Wednesday, August 3, 2016

A Monetary History of the United States


© 1963 by Milton Friedman

Frequently, with all the tax stuff I’ve been reading and studying, there’ll be a reference to an economic concept I know but can’t recite a specific definition for: GDP, inflation, the money supply, nominal this versus real that, etc. Googling such terms has rekindled an interest in economics I probably haven’t had since the early 2000s.

Way, way back in the pioneer days of college I took both macro and microeconomics 101. Thoroughly hated micro, with all the opportunity costs and units of utility and widgets and whatnot. But macro appealed to me, the ability to stare balefully down with a falcon’s-eye view upon the worms and mice of the national and global economy. So while I enjoyed it when I was suffering through it, it really had no day-to-day relevance to eighteen-year-old me. I promptly forgot it all before my nineteenth birthday.

In fact, my most delightful memory of college economics was walking to the lecture hall with my roommate one crisp fall day. He was wearing gray corduroy pants (it was a long time ago) and suddenly, completely unexpected, a squirrel raced out off the grass and clawed halfway up his leg. I never laughed so hard despite his panic attack which may not have been completely feigned. (We later deduced the rodent must have thought the corduroy to be the bark of a tree.)

Years went by … about ten or twelve. I took a bunch of business classes in night school. Finance was one of them. I enjoyed it, aced the class. Learned about stocks and bonds, interest rates, different types of money, etc. And again, forgot it all soon after. Then in the early 2000s, on a Hopperish whim, I read a few books on various economic topics. Some stuff stuck, some didn’t. One thing that remains with me to this day is the colossal mistake that was the Smoot-Hawley Tariff of 1930.

Anyhoo, I put away a couple of books on macroeconomics this summer, taking notes, hoping it will help me with the tax class I’m taking in the fall. Probably understood 76-79% of what I read.
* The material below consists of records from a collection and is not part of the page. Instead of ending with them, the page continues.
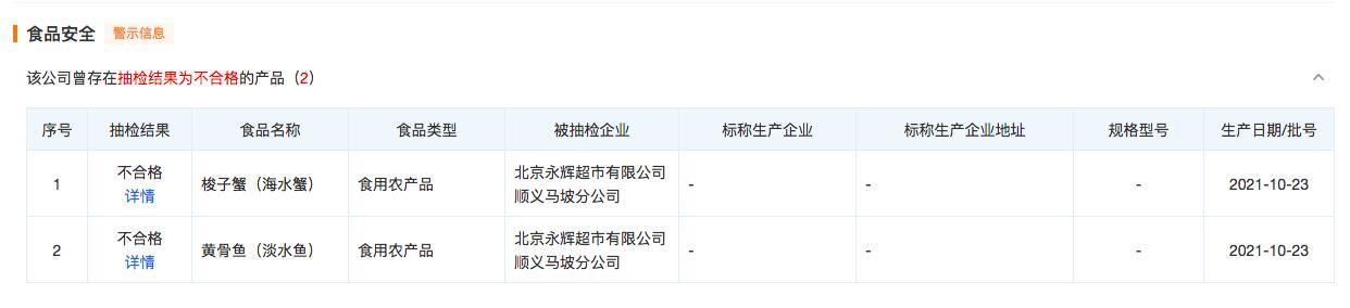 2022年1月25日,北京市顺义区市场监督管理局对以上两种抽检不合格的产品给予北京永辉超市有限公司顺义马坡分公司没收违法所得3236.44元,并罚款5万元的行政处罚。
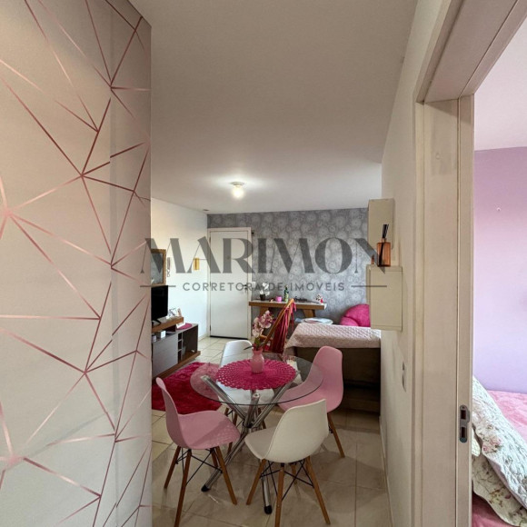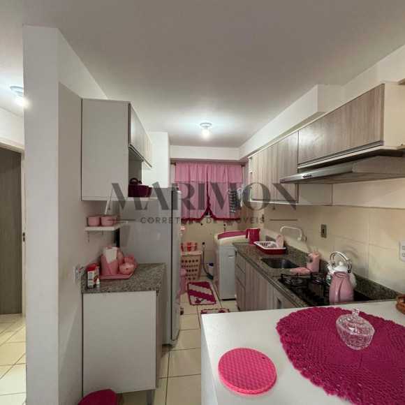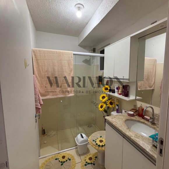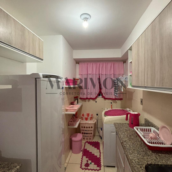 Apartamento à venda no Residencial Laguna, com 2 dormitórios, sala e cozinha integradas, 1 banheiro, vaga para carro, playground, área de churrasqueira e salão de festas.
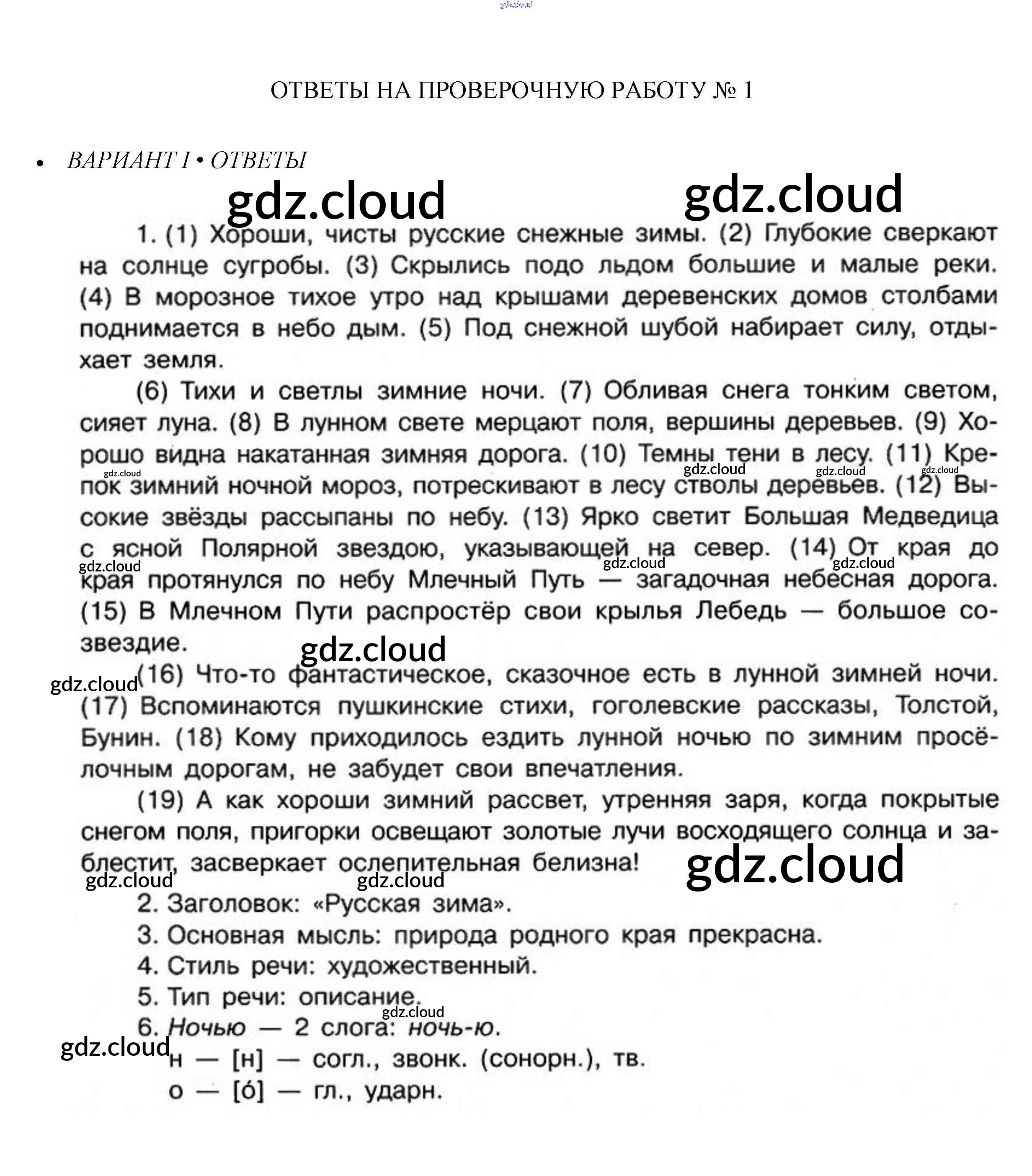 Ответ на задание 1 Проверочные работы Русский язык за 6 (шестой) класс Егорова 2018
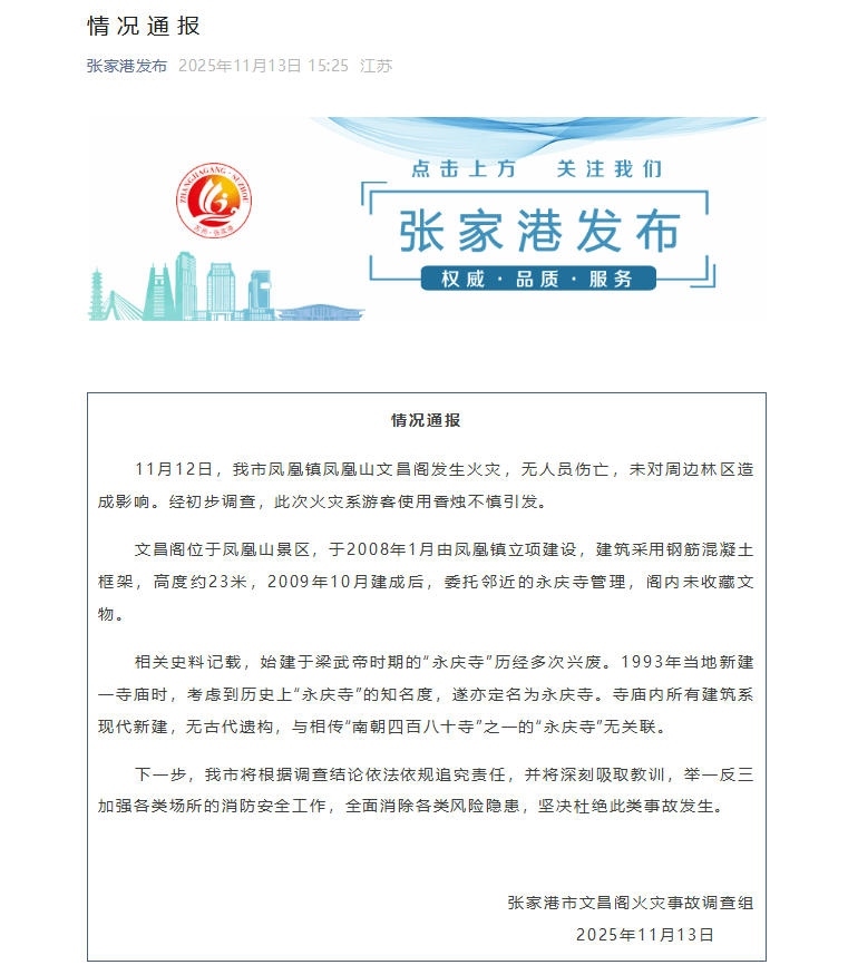 通報稱,文昌閣位于鳳凰山景區(qū),于2008年1月由鳳凰鎮(zhèn)立項建設,建筑采用鋼筋混凝土框架,高度約23米,2009年10月建成后,委托鄰近的永慶寺管理,閣內(nèi)未收藏文物。

So, feeling somewhat emboldened, I decided to reach out for a masterwork. After a few weeks of hauling my weary carcass up hills, I set my sights on Everest.

That Everest was A Monetary History of the United States by Milton Friedman.

Now, I have tremendous respect for Friedman and this work. He was a Nobel-prize winning economist who eviscerated your grandparent’s Great Depression Keynesianism, influenced a whole generation of later economists, and was an unofficial adviser to Reagan and Thatcher in the 80s. He died about ten years ago at age 94. In the early 60s he wrote a couple of books which cemented his legacy. Monetary History, clocking in at 860 pages, was one of them.

So naturally I had to throw myself into it.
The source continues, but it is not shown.